Seventh and ninth graders are screened through SBIRT, Mashburn says. The screening consists of a short interview that assesses risks—with questions like “Have you ever gotten into a car with someone who’s been drinking?”—and then, if necessary, refers a student to the appropriate resources.
Teenagers are not the primary age group in Somerville affected by opioid use, Mashburn and Simolaris explain. People between the ages of 25 and 34 are most at risk, according to Mashburn. But the 2017 Wellbeing of Somerville report emphasizes how health factors at various stages of life influence health later on, and so efforts to warn teens about the dangers of opioids can pay off later in their lives. In 2016, over 89 percent of high schoolers thought that illegal drugs other than marijuana were risky, according to the wellbeing report.
“An important step in preventing opioid dependence later in life is to avoid any illicit drug use in adolescence,” the report says.
Since these programs are new to the district—SBIRT and the classroom curricula in their current forms were adopted in 2016—the city isn’t able to measure their effects yet. The youth risk behavior survey that will be administered to high schoolers next year will shed some light, but Mashburn says the effects can’t truly be gauged for four to six years.
But there is hopeful data both locally and statewide. Fatal opioid overdoses across Massachusetts in the first quarter of 2017 were nine percent lower than the same period in 2016, according to Somerville’s wellbeing report, and opioid-related fatalities decreased in the city.
Baker’s emphasis on early prevention and education is in line with Somerville’s current approach, Mashburn explains.
“We’re not going to treat our way out of the epidemic, but we can prevent it from happening again. If we give people the tools, such as kids, that they need to make effective decisions in life, then we’ll have a better outcome,” he says. “That doesn’t mean that treatment and intervention is not needed,” he adds.
Better access to better treatment is one of the other goals of Baker’s package, which Mashburn says will largely be tackled at the state level due to the significant costs involved.
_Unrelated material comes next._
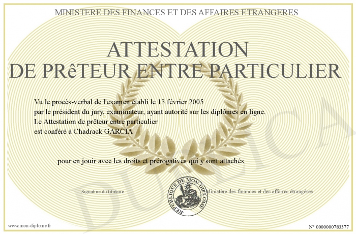 Envoyez par email votre Attestation de prêteur entre particulier personalisé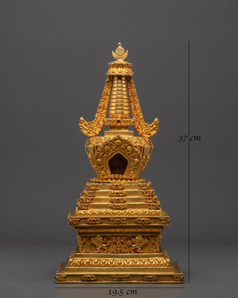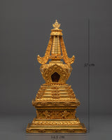 Enhance your house decor with this handcrafted decorative traditional stupa, a stunning depiction of Buddhist culture. Made of copper and beautifully gold-plated, this Tibetan meditation shrine adds a quiet and serene presence to any environment. Standing tall and displaying beautiful craftsmanship, this stupa is not just an art object, but also a spiritual emblem of enlightenment and tranquillity. Please place it in your home to create a relaxing environment and connect with the more profound truths of spirituality.

It also aims to work with the medical community to address addiction to prescription painkillers. Somerville has already made strides in this area as well; according to Mashburn, Cambridge Health Alliance’s emergency department only gives out certain drugs in two- or three-day doses, with patients needing to be reevaluated before receiving a refill. The Office of Prevention has also encouraged doctors to have information available in their offices on the potential hazards of prescription drugs, and has worked with doctors, police officers, and fire fighters to make sure that Narcan is readily available.
“We’re doing a bunch of it already, but it’s nice to get the governor to put it in writing and say these are the steps that people should take,” Mashburn says. “And it’s nice to confirm that we’re doing the right thing.”